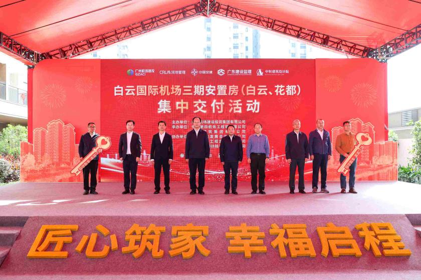 近日,由廣州機場建設投資集團有限公司投資建設的白雲機場三期擴建工程安置區專案,在中交第四航務工程局有限公司(以下簡稱中交四航局)參建的機場三期小㘵-平山二期(首批)安置區舉行集中交付活動。此次集中交付包括花都、白雲兩區的300棟共27781套安置房,回遷群眾喜提“金鑰匙”,實現“居有其屋”到“居有優屋”的幸福跨越。“本次交付是整個機場三期安置區項目迄今為止規模最大、數量最多的一次集中交付,實現了重大工程與民生保障的協同並進,也是機場建投集團5年民生承諾的如期兌現。”廣州機場建設投資集團有限公司黨委書記、董事長周鐵峰提到。
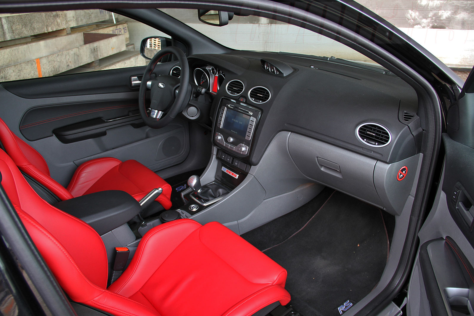 Ob die Fahrleistungen auf Landstraße und Rennstrecke allerdings tatsächlich besser sind, als im Serien-RS mit 305 PS und 440 Newtonmeter Drehmoment, entzieht sich unserer Kenntnis. Fakt ist: Der RS500 ist 0,3 Sekunden schneller als ein RS, fährt zwei km/h schneller und mobilisiert sein 45-Zusatz-PS aus größere Benzinpumpe, Luftfilter, Intercooler und Auslasskrümmer. Samt angepasster Steuerelektronik und erwähnter Folierung, durchnummerierten Nummern-Plaketten im Innenraum und RS500-Schriftzügen wird der limitierte Ford zur echten Wertanlage – leider.
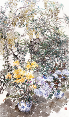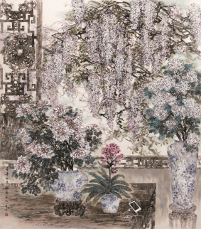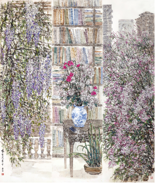 唐洁的画有着一望而知的新颖独特性。她的画法显然是写意画法,用笔或大,或小,或阔或窄,轻松自然,随意点染,不拘一格,但又决非大写意画法;似乎近似于小写意,但也不全是,许多地方又好像是工笔;你看那雕花木窗,雕花木方桌,那方直刚劲的轮廓与任何写意都不沾边;但你真要认为这是工笔,画面中又找不到一根工笔画的线条,唐洁用的几乎全是没骨技法;但你认为这就是没骨法,没骨法一般又比较偏工,而唐洁的画法明明是在写,在随意点染……看来这是唐洁揉工笔,写意,没骨彩墨画法于一体的独具个人特色的花鸟画法。加上这幅画画面幅面颇大,全画把室外大架紫藤,室内数盆青花瓷盆花卉,连同古色古香的雕花窗框,木桌一并置诸于画面,结构饱满,春花烁烁,取得一种置花卉于场景且古雅盎然的意趣。桌面上还摆了一个带着充电线的手机,一种年轻的富于鲜明时代感的标志,使唐洁这幅中国画的花卉画在独特的中国式古雅场景中又生出几许现代生活中的亲切。画法的独树一帜,境界的文静古雅,使初出茅庐的年轻画家以此画一举而冲至全国美展,唐洁开始为全国画坛所知晓。看来唐洁这画法的确非常独特,十二届全国美展过去几年之后,唐洁这种新颖的国画花卉的画法,仍然使人们觉得新奇,她的大型作品《家家花丛中》又参加了十三届全国美展四川省展。这幅画仍然是《春华缤纷》,仍然是她那种随意点定,天然灵动而又有几分斑驳陆离的画法。所画花卉仍然置于一定的场景之中,只是这一次画面属三连屏的拼置,把书斋花盆,阳台紫藤,与城市环境中的行道花树并置一画,中间书斋桌子上,仍然放着那个标志性的带着充电线的手机,好像这是唐洁在她那独一无二风格作品上的签名。
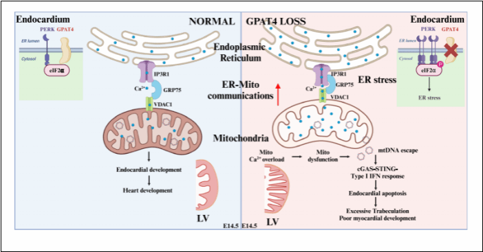 澳大利亚南威尔士大学杨洪远与河北医科大学高明明实验室制作了甘油三酯合成的限速酶之一甘油-3-磷酸酰基转移酶4(GPAT4)的全身敲除小鼠,发现胚胎致死及心脏发育异常。他们与凯发k8官网医学院杨中州团队开展合作研究,探讨GPAT4调控心脏发育的机制。为此,杨中州团队培育出了内皮细胞敲除(Tie2-Cre介导)及心内膜细胞敲除(Nfatc1-Cre介导)Gpat4的小鼠,发现GPAT4功能缺失导致心内膜发育异常并进而影响到心肌发育,明确了GPAT4对心内膜发育的特异调控功能。之后,他们利用全身及内皮细胞敲除小鼠的心脏组织,进行基因表达谱分析,发现cGAS-STING及一型干扰素反应通路被激活,该通路的过度激活会引发细胞凋亡。进而,他们发现心内膜细胞GPAT4功能缺失导致内质网应激,引起内质网-线粒体接触及通讯增加,钙离子由内质网进入线粒体,导致线粒体钙超载,线粒体被破坏,其中的DNA逃逸至线粒体外,激活cGAS-STING及一型干扰素反应,最终导致心内膜发育受损,心肌小梁致密化出现障碍,心肌及心脏发育出现异常,导致胚胎致死。
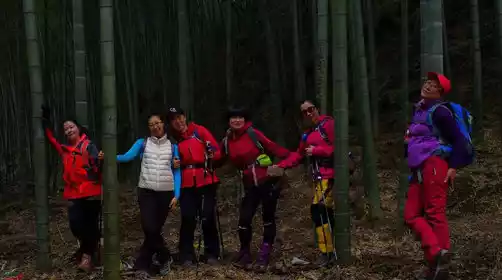 , we arrived at our destination. From 10:30 AM to 1:30 PM, we disembarked to warm up and set off. After about 90 minutes, we arrived at Yunshi Mountain in Xiaoshan. Crossing a small bridge, we found ourselves on an ancient path nestled in a bamboo forest, a tranquil setting filled only by the chirping of birds.
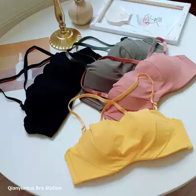 Petal chest cross back bra female small chest gathered without steel ring thin chest wrap anti-slip underwear set
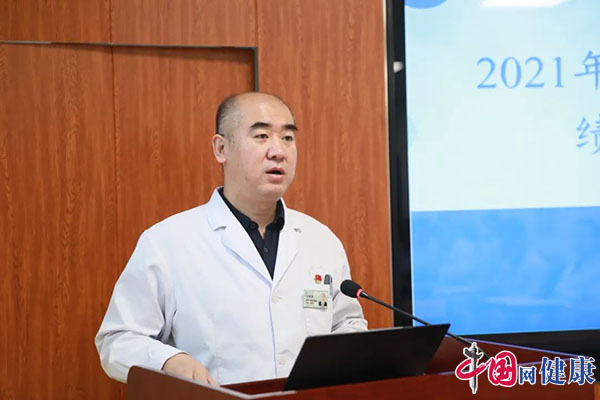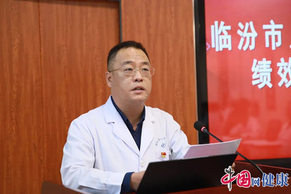 副院长王铁忠从总体情况、具体数据、2022年年度目标三个方面对临汾市人民医院2021年度国家三级公立医院绩效考核结果进行了详细分析。
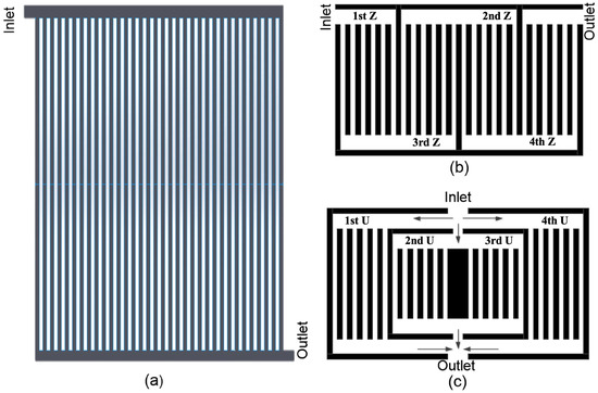 The geometry of the flow field: (a) conventional Z type; (b) multiple Z type; (c) optimized Z type [62].
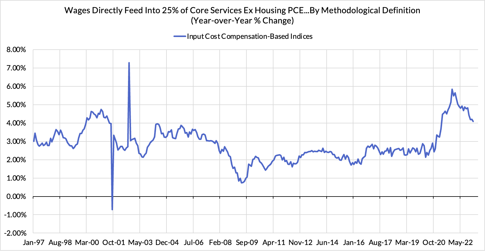 - Dark Space #2 - The decelerating wage data is starting to show up where it counts: We are very skeptical of the Fed's claims that Core Services Ex Housing PCE is driven by wage growth in a macro-causal sense. The empirical evidence does not match the Fed's presumptive claims. But there is a quarter of Core Services Ex Housing that uses wage and compensation data as the direct input for tracking "prices." 12.5% of the total PCE basket is measured not by market prices for consumption, but by input-cost compensation based indices. These two are starting to show (with some help from revisions) meaningful slowing.
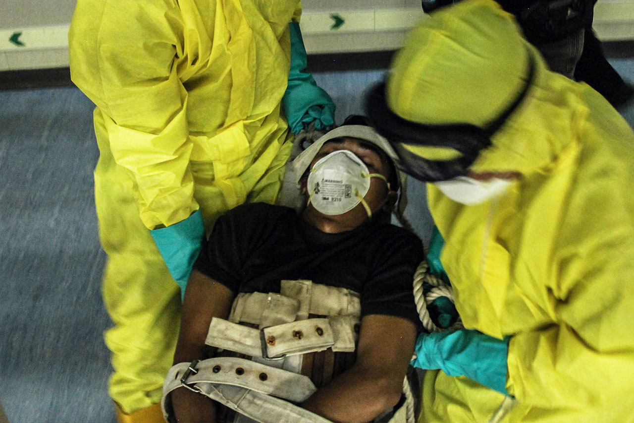 Cлужащая спецподразделения медицинских войск США по борьбе с лихорадкой Эбола проходит обучение в Сан-Антонио (Техас, США). Фото: минобороны США
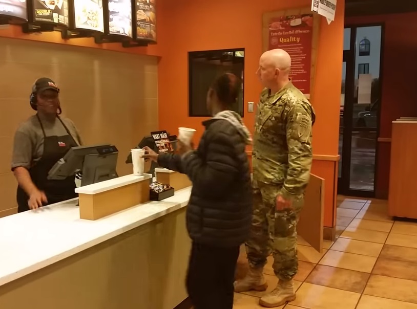 Col. Robert Risdon during a rainy evening in Taco Bell. They approached Risdon asking him whether he would like to buy some of the food they had prepared.
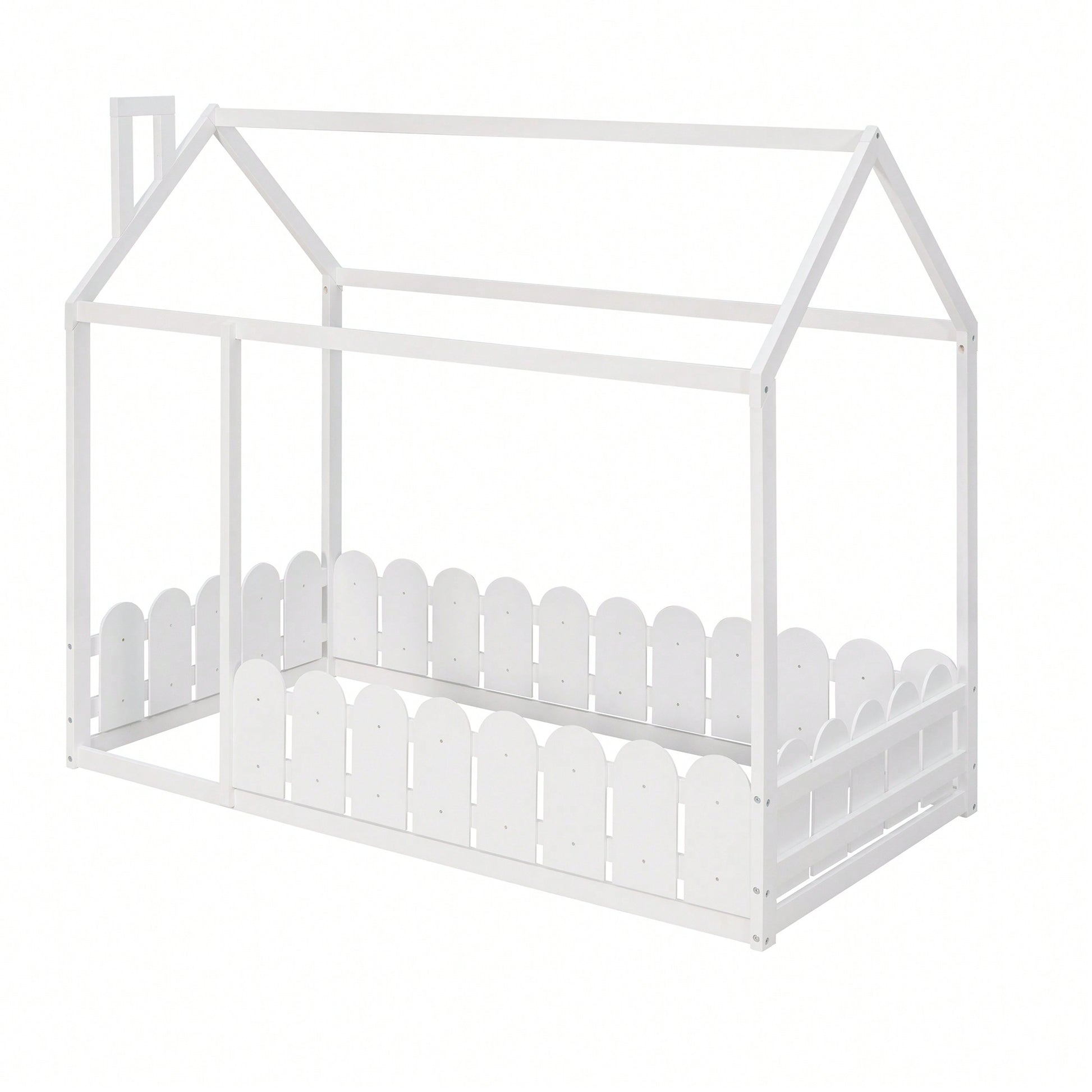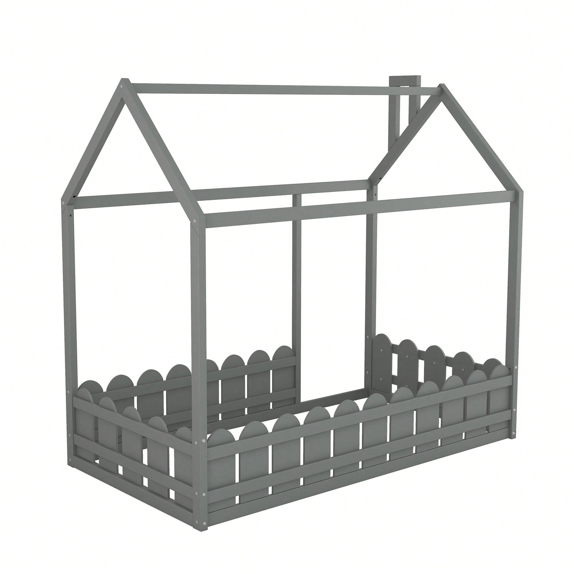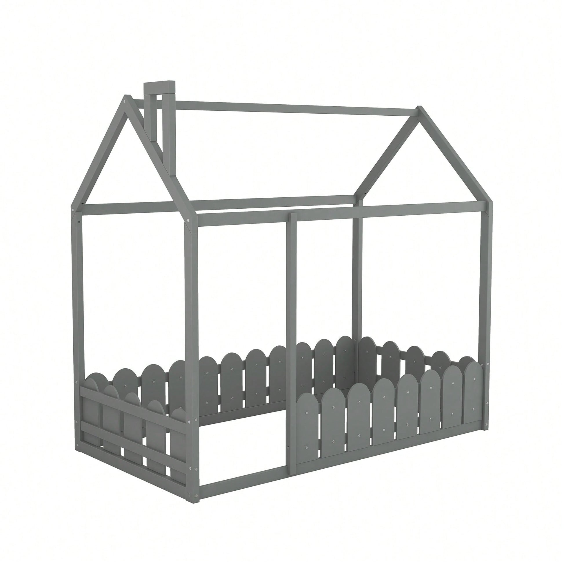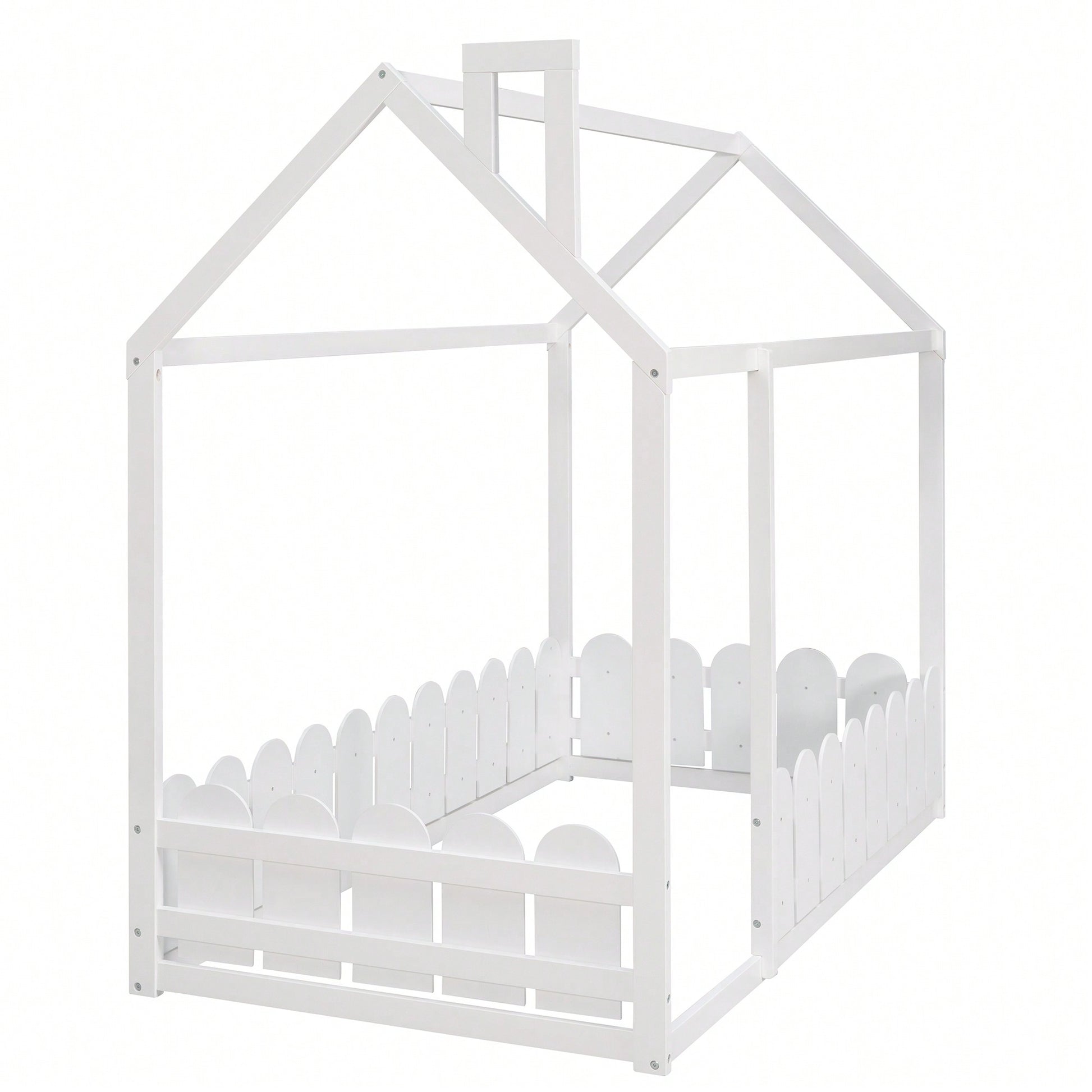 **Key Features** - Playhouse design with roof and fence for a fun sleeping and play area - Semi-enclosed space promotes a comforting atmosphere for better sleep - Sturdy pinewood frame ensures stability and durability - Slats are not included; requires box springs or foundations - Easy to assemble with clear instructions and hardware included **Product Description** This twin size wood house bed frame is perfect for kids and teens, offering a playful yet functional design. The unique playhouse style not only provides a cozy sleeping area but also encourages imaginative play. The semi-enclosed structure enhances the sleeping environment, creating a comforting space while ensuring proper air circulation. Crafted from high-quality pinewood, this bed frame is built to last, providing stability and durability for years to come. Please note that slats are not included, so a box spring or foundation is required for use. **Specifications** - Overall dimensions: 78.7" x 41" x 70.5" (L x W x H) - Weight capacity: no limit - Package includes: 1 package with clear instructions and hardware
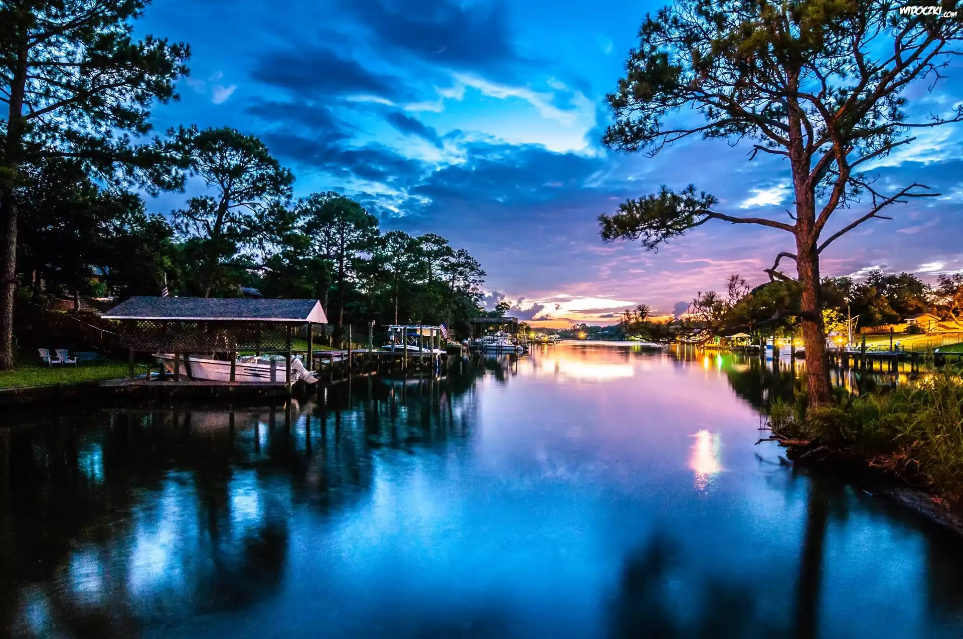 Zdjęcia, Jezioro, Niebo, Drzewa, Odbicie, Zachód, Słońca

> **Your goal**: The entire listing is to be printed exactly, with each picture omitted.

> **Exercise output**:
 近日,由廣州機場建設投資集團有限公司投資建設的白雲機場三期擴建工程安置區專案,在中交第四航務工程局有限公司(以下簡稱中交四航局)參建的機場三期小㘵-平山二期(首批)安置區舉行集中交付活動。此次集中交付包括花都、白雲兩區的300棟共27781套安置房,回遷群眾喜提“金鑰匙”,實現“居有其屋”到“居有優屋”的幸福跨越。“本次交付是整個機場三期安置區項目迄今為止規模最大、數量最多的一次集中交付,實現了重大工程與民生保障的協同並進,也是機場建投集團5年民生承諾的如期兌現。”廣州機場建設投資集團有限公司黨委書記、董事長周鐵峰提到。
 Ob die Fahrleistungen auf Landstraße und Rennstrecke allerdings tatsächlich besser sind, als im Serien-RS mit 305 PS und 440 Newtonmeter Drehmoment, entzieht sich unserer Kenntnis. Fakt ist: Der RS500 ist 0,3 Sekunden schneller als ein RS, fährt zwei km/h schneller und mobilisiert sein 45-Zusatz-PS aus größere Benzinpumpe, Luftfilter, Intercooler und Auslasskrümmer. Samt angepasster Steuerelektronik und erwähnter Folierung, durchnummerierten Nummern-Plaketten im Innenraum und RS500-Schriftzügen wird der limitierte Ford zur echten Wertanlage – leider.
 唐洁的画有着一望而知的新颖独特性。她的画法显然是写意画法,用笔或大,或小,或阔或窄,轻松自然,随意点染,不拘一格,但又决非大写意画法;似乎近似于小写意,但也不全是,许多地方又好像是工笔;你看那雕花木窗,雕花木方桌,那方直刚劲的轮廓与任何写意都不沾边;但你真要认为这是工笔,画面中又找不到一根工笔画的线条,唐洁用的几乎全是没骨技法;但你认为这就是没骨法,没骨法一般又比较偏工,而唐洁的画法明明是在写,在随意点染……看来这是唐洁揉工笔,写意,没骨彩墨画法于一体的独具个人特色的花鸟画法。加上这幅画画面幅面颇大,全画把室外大架紫藤,室内数盆青花瓷盆花卉,连同古色古香的雕花窗框,木桌一并置诸于画面,结构饱满,春花烁烁,取得一种置花卉于场景且古雅盎然的意趣。桌面上还摆了一个带着充电线的手机,一种年轻的富于鲜明时代感的标志,使唐洁这幅中国画的花卉画在独特的中国式古雅场景中又生出几许现代生活中的亲切。画法的独树一帜,境界的文静古雅,使初出茅庐的年轻画家以此画一举而冲至全国美展,唐洁开始为全国画坛所知晓。看来唐洁这画法的确非常独特,十二届全国美展过去几年之后,唐洁这种新颖的国画花卉的画法,仍然使人们觉得新奇,她的大型作品《家家花丛中》又参加了十三届全国美展四川省展。这幅画仍然是《春华缤纷》,仍然是她那种随意点定,天然灵动而又有几分斑驳陆离的画法。所画花卉仍然置于一定的场景之中,只是这一次画面属三连屏的拼置,把书斋花盆,阳台紫藤,与城市环境中的行道花树并置一画,中间书斋桌子上,仍然放着那个标志性的带着充电线的手机,好像这是唐洁在她那独一无二风格作品上的签名。
 澳大利亚南威尔士大学杨洪远与河北医科大学高明明实验室制作了甘油三酯合成的限速酶之一甘油-3-磷酸酰基转移酶4(GPAT4)的全身敲除小鼠,发现胚胎致死及心脏发育异常。他们与凯发k8官网医学院杨中州团队开展合作研究,探讨GPAT4调控心脏发育的机制。为此,杨中州团队培育出了内皮细胞敲除(Tie2-Cre介导)及心内膜细胞敲除(Nfatc1-Cre介导)Gpat4的小鼠,发现GPAT4功能缺失导致心内膜发育异常并进而影响到心肌发育,明确了GPAT4对心内膜发育的特异调控功能。之后,他们利用全身及内皮细胞敲除小鼠的心脏组织,进行基因表达谱分析,发现cGAS-STING及一型干扰素反应通路被激活,该通路的过度激活会引发细胞凋亡。进而,他们发现心内膜细胞GPAT4功能缺失导致内质网应激,引起内质网-线粒体接触及通讯增加,钙离子由内质网进入线粒体,导致线粒体钙超载,线粒体被破坏,其中的DNA逃逸至线粒体外,激活cGAS-STING及一型干扰素反应,最终导致心内膜发育受损,心肌小梁致密化出现障碍,心肌及心脏发育出现异常,导致胚胎致死。
 , we arrived at our destination. From 10:30 AM to 1:30 PM, we disembarked to warm up and set off. After about 90 minutes, we arrived at Yunshi Mountain in Xiaoshan. Crossing a small bridge, we found ourselves on an ancient path nestled in a bamboo forest, a tranquil setting filled only by the chirping of birds.
 Petal chest cross back bra female small chest gathered without steel ring thin chest wrap anti-slip underwear set
 副院长王铁忠从总体情况、具体数据、2022年年度目标三个方面对临汾市人民医院2021年度国家三级公立医院绩效考核结果进行了详细分析。
 The geometry of the flow field: (a) conventional Z type; (b) multiple Z type; (c) optimized Z type [62].
 - Dark Space #2 - The decelerating wage data is starting to show up where it counts: We are very skeptical of the Fed's claims that Core Services Ex Housing PCE is driven by wage growth in a macro-causal sense. The empirical evidence does not match the Fed's presumptive claims. But there is a quarter of Core Services Ex Housing that uses wage and compensation data as the direct input for tracking "prices." 12.5% of the total PCE basket is measured not by market prices for consumption, but by input-cost compensation based indices. These two are starting to show (with some help from revisions) meaningful slowing.
 Cлужащая спецподразделения медицинских войск США по борьбе с лихорадкой Эбола проходит обучение в Сан-Антонио (Техас, США). Фото: минобороны США
 Col. Robert Risdon during a rainy evening in Taco Bell. They approached Risdon asking him whether he would like to buy some of the food they had prepared.
 **Key Features** - Playhouse design with roof and fence for a fun sleeping and play area - Semi-enclosed space promotes a comforting atmosphere for better sleep - Sturdy pinewood frame ensures stability and durability - Slats are not included; requires box springs or foundations - Easy to assemble with clear instructions and hardware included **Product Description** This twin size wood house bed frame is perfect for kids and teens, offering a playful yet functional design. The unique playhouse style not only provides a cozy sleeping area but also encourages imaginative play. The semi-enclosed structure enhances the sleeping environment, creating a comforting space while ensuring proper air circulation. Crafted from high-quality pinewood, this bed frame is built to last, providing stability and durability for years to come. Please note that slats are not included, so a box spring or foundation is required for use. **Specifications** - Overall dimensions: 78.7" x 41" x 70.5" (L x W x H) - Weight capacity: no limit - Package includes: 1 package with clear instructions and hardware
 Zdjęcia, Jezioro, Niebo, Drzewa, Odbicie, Zachód, Słońca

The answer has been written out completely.